[SUPPLIED RECORDS]

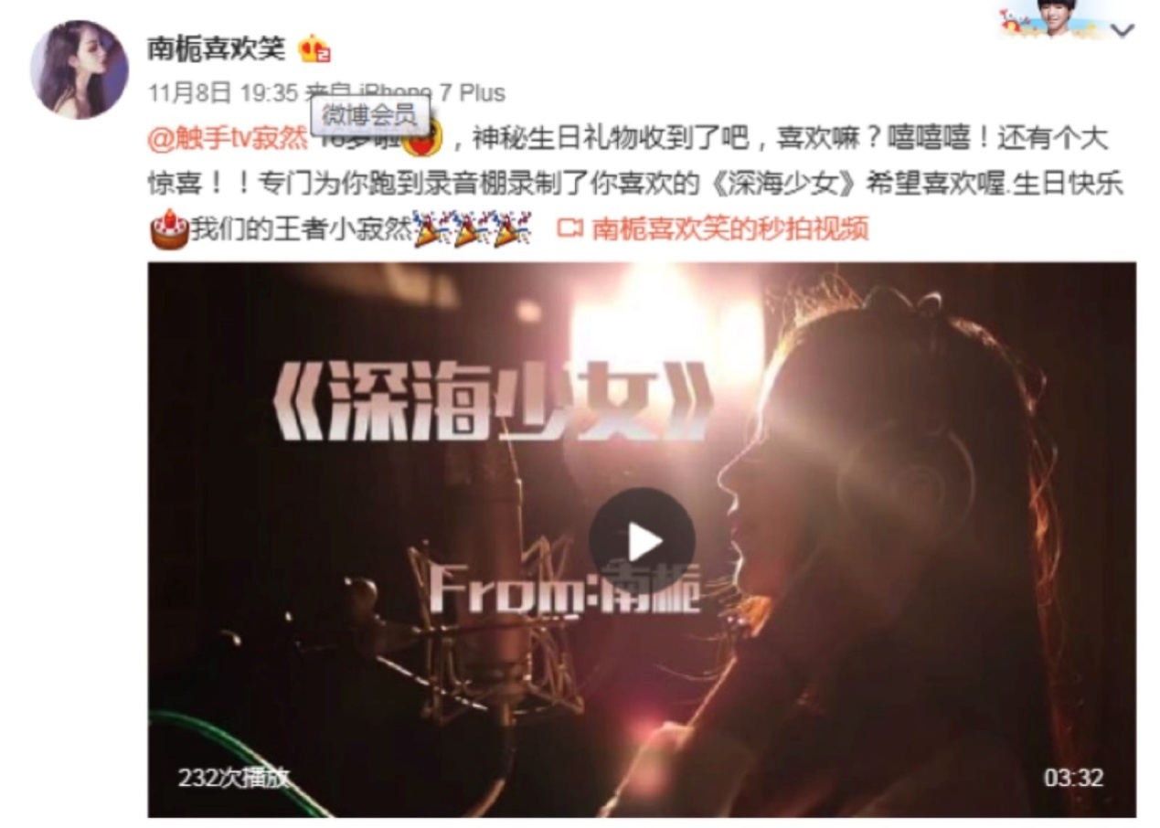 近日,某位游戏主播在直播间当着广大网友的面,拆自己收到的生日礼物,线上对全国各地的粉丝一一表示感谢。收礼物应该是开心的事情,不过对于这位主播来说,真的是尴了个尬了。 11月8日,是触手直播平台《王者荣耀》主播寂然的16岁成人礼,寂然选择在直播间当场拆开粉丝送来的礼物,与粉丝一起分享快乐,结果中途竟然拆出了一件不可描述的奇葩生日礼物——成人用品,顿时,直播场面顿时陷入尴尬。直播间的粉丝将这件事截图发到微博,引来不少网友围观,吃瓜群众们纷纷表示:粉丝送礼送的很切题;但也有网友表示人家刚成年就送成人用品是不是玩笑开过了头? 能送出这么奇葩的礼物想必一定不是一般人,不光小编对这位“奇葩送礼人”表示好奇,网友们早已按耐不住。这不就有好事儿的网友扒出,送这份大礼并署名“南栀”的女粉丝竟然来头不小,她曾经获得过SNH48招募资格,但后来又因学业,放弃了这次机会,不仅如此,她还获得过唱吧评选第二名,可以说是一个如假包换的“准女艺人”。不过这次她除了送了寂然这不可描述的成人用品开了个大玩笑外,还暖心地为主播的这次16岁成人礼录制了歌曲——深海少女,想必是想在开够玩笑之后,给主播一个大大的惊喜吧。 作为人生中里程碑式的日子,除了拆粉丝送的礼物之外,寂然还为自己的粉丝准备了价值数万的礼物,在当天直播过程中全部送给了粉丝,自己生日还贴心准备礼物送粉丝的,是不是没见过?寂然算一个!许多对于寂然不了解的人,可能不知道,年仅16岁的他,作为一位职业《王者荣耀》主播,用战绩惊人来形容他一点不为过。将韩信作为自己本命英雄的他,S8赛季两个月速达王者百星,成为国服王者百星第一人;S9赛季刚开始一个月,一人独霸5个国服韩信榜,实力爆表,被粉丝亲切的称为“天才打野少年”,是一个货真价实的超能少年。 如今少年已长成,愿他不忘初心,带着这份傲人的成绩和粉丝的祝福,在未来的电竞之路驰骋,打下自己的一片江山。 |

--

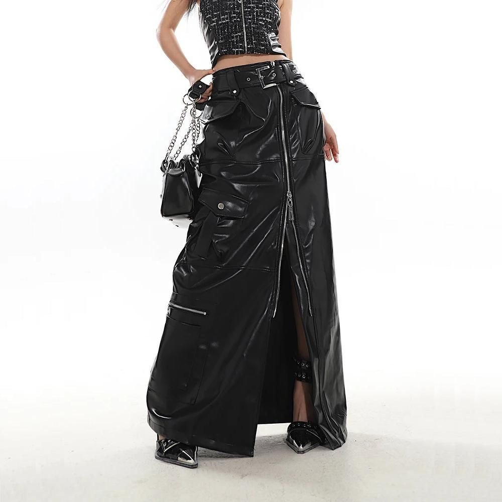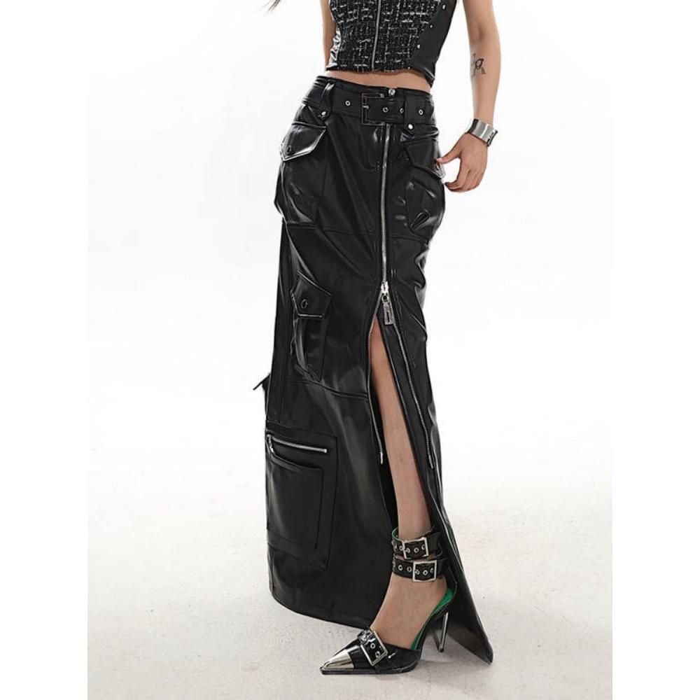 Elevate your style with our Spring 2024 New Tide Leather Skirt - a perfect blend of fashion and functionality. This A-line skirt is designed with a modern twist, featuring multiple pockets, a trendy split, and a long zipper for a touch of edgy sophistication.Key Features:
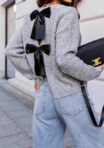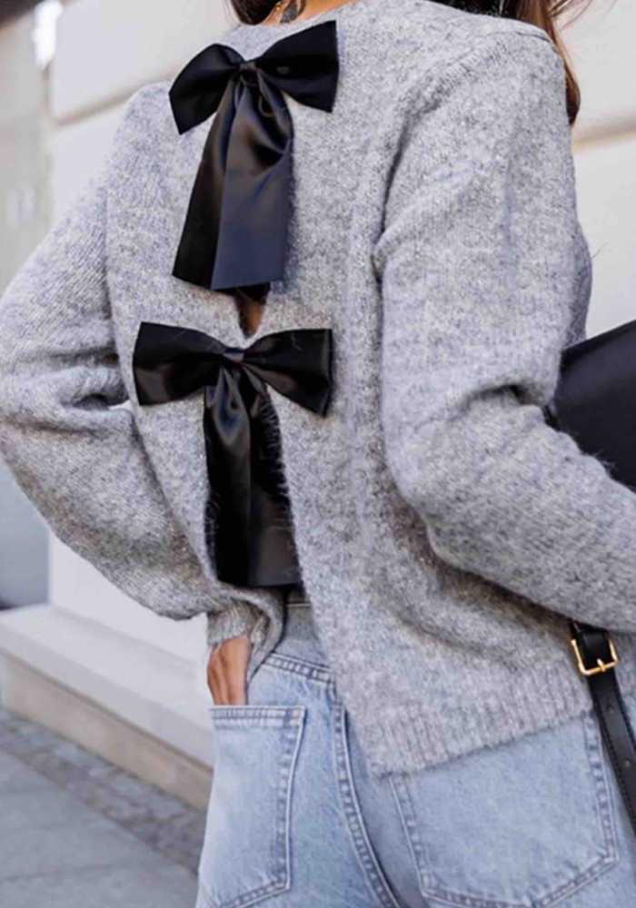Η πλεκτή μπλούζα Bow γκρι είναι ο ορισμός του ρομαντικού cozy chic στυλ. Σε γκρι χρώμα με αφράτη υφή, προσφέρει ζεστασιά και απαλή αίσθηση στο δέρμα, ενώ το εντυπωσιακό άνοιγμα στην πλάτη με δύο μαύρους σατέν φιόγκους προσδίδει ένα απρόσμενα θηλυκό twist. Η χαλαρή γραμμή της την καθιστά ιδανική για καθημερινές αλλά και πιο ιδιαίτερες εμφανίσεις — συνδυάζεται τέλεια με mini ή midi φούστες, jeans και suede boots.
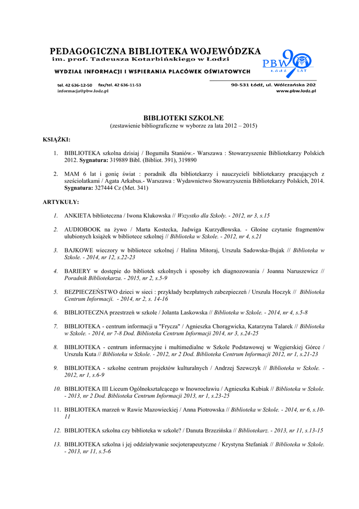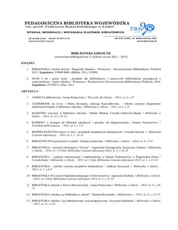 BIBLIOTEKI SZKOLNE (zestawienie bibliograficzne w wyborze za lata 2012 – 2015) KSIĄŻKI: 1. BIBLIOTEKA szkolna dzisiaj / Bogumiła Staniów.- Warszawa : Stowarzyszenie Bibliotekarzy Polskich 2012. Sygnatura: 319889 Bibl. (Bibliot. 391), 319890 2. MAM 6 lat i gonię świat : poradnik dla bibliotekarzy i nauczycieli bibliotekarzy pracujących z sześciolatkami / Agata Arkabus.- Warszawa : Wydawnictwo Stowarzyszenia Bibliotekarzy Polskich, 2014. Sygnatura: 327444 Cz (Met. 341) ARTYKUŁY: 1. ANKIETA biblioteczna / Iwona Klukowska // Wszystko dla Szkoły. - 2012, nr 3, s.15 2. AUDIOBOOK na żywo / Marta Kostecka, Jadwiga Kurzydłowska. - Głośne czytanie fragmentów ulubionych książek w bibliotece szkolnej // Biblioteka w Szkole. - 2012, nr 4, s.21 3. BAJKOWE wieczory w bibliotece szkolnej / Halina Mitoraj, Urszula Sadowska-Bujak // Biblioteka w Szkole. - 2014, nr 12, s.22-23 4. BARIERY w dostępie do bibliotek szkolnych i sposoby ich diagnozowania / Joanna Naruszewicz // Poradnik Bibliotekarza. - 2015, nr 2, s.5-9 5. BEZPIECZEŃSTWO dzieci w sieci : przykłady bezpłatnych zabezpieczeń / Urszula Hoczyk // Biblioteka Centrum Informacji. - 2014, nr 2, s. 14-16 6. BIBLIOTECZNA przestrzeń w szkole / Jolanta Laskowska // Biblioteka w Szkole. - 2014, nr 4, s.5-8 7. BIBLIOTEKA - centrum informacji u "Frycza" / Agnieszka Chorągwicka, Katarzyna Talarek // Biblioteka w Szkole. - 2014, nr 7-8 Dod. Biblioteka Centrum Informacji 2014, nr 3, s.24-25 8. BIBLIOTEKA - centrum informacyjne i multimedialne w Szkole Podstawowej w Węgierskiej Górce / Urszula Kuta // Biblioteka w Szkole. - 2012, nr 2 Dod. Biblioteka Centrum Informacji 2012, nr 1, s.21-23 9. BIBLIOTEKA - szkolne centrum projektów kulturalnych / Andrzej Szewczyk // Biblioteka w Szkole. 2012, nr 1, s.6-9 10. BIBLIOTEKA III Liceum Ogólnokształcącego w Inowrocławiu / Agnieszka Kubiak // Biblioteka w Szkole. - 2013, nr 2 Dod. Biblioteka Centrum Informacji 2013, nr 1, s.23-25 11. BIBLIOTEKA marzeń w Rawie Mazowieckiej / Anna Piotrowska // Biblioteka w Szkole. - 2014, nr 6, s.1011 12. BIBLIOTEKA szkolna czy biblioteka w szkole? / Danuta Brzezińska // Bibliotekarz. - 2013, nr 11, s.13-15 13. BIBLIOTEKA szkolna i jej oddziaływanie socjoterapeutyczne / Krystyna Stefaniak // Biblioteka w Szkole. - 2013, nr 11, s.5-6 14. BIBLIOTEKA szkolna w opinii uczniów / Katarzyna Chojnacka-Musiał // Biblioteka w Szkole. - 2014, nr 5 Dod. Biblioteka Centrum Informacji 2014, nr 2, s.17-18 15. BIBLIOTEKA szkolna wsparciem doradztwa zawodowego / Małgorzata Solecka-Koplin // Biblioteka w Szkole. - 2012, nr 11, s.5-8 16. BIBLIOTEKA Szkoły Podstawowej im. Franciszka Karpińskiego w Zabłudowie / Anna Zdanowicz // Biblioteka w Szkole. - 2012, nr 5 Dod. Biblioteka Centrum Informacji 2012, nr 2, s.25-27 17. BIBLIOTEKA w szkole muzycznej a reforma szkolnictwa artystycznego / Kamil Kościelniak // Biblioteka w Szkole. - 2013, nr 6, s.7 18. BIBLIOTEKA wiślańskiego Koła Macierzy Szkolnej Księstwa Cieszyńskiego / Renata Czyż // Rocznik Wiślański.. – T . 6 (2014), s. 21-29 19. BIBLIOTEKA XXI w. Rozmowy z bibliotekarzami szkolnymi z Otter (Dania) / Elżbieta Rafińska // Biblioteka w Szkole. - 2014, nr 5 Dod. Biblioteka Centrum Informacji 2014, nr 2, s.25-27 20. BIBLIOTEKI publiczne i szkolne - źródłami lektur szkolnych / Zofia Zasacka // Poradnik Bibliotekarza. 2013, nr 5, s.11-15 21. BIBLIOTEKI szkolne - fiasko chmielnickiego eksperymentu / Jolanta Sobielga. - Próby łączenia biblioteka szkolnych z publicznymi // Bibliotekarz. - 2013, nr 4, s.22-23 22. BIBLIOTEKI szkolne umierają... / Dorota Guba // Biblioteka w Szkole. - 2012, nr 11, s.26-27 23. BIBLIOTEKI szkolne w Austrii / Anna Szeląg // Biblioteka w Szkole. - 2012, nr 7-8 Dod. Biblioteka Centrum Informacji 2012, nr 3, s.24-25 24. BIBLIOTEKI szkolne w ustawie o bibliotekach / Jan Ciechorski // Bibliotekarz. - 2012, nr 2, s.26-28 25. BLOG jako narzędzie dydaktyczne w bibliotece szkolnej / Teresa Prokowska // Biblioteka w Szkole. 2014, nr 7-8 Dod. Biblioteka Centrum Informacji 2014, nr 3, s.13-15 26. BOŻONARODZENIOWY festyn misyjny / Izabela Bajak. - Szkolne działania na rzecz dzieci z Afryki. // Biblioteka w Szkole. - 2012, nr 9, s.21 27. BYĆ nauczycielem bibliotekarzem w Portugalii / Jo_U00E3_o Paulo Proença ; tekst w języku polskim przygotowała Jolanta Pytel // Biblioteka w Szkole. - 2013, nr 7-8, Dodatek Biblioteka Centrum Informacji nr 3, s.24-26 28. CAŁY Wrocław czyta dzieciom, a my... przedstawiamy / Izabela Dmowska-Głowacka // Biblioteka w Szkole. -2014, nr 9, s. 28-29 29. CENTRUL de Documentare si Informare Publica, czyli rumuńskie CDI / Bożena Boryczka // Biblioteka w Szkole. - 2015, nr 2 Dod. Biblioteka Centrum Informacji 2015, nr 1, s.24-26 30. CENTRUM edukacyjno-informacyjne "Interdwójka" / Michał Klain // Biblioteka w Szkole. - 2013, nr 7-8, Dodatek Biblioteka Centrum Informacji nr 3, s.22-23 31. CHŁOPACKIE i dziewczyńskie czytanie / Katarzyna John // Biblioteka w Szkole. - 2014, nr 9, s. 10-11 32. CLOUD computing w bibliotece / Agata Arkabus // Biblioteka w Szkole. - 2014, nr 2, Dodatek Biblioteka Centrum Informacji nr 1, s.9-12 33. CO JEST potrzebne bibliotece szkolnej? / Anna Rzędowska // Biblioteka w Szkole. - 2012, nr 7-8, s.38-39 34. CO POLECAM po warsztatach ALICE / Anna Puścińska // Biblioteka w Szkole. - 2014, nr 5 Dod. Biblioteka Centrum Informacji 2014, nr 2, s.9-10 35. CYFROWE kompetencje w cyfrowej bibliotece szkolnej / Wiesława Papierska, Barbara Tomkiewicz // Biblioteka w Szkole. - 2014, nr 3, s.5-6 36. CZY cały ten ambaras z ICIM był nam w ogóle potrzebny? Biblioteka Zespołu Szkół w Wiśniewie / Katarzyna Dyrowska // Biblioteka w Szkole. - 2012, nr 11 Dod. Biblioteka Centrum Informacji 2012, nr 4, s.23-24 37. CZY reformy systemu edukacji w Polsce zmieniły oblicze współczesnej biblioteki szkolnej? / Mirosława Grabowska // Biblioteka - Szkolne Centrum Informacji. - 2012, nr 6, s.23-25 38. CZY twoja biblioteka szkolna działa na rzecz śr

...

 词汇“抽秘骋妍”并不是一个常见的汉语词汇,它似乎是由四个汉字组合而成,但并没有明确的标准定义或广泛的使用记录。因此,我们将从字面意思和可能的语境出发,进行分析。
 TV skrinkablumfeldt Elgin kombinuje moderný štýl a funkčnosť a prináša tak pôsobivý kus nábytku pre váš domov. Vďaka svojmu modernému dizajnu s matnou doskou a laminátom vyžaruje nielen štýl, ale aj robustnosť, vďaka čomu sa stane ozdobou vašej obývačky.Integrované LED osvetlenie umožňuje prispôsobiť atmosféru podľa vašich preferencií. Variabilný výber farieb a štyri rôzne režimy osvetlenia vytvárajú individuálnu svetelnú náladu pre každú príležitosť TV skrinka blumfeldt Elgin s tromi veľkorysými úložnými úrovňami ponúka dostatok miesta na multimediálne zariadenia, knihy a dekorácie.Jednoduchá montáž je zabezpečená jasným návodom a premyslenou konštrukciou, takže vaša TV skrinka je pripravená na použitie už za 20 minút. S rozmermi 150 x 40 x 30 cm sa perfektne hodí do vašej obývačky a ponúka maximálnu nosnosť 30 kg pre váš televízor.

[AIM OF THE EXERCISE]
Transcribe, word for word, the lines of the listing above from the one that contains "Elevate your style" through the one that contains "Η πλεκτή μπλούζα", keeping both ends and dropping the pictures.

[SOLUTION TO THIS EXERCISE]
 Elevate your style with our Spring 2024 New Tide Leather Skirt - a perfect blend of fashion and functionality. This A-line skirt is designed with a modern twist, featuring multiple pockets, a trendy split, and a long zipper for a touch of edgy sophistication.Key Features:
Η πλεκτή μπλούζα Bow γκρι είναι ο ορισμός του ρομαντικού cozy chic στυλ. Σε γκρι χρώμα με αφράτη υφή, προσφέρει ζεστασιά και απαλή αίσθηση στο δέρμα, ενώ το εντυπωσιακό άνοιγμα στην πλάτη με δύο μαύρους σατέν φιόγκους προσδίδει ένα απρόσμενα θηλυκό twist. Η χαλαρή γραμμή της την καθιστά ιδανική για καθημερινές αλλά και πιο ιδιαίτερες εμφανίσεις — συνδυάζεται τέλεια με mini ή midi φούστες, jeans και suede boots.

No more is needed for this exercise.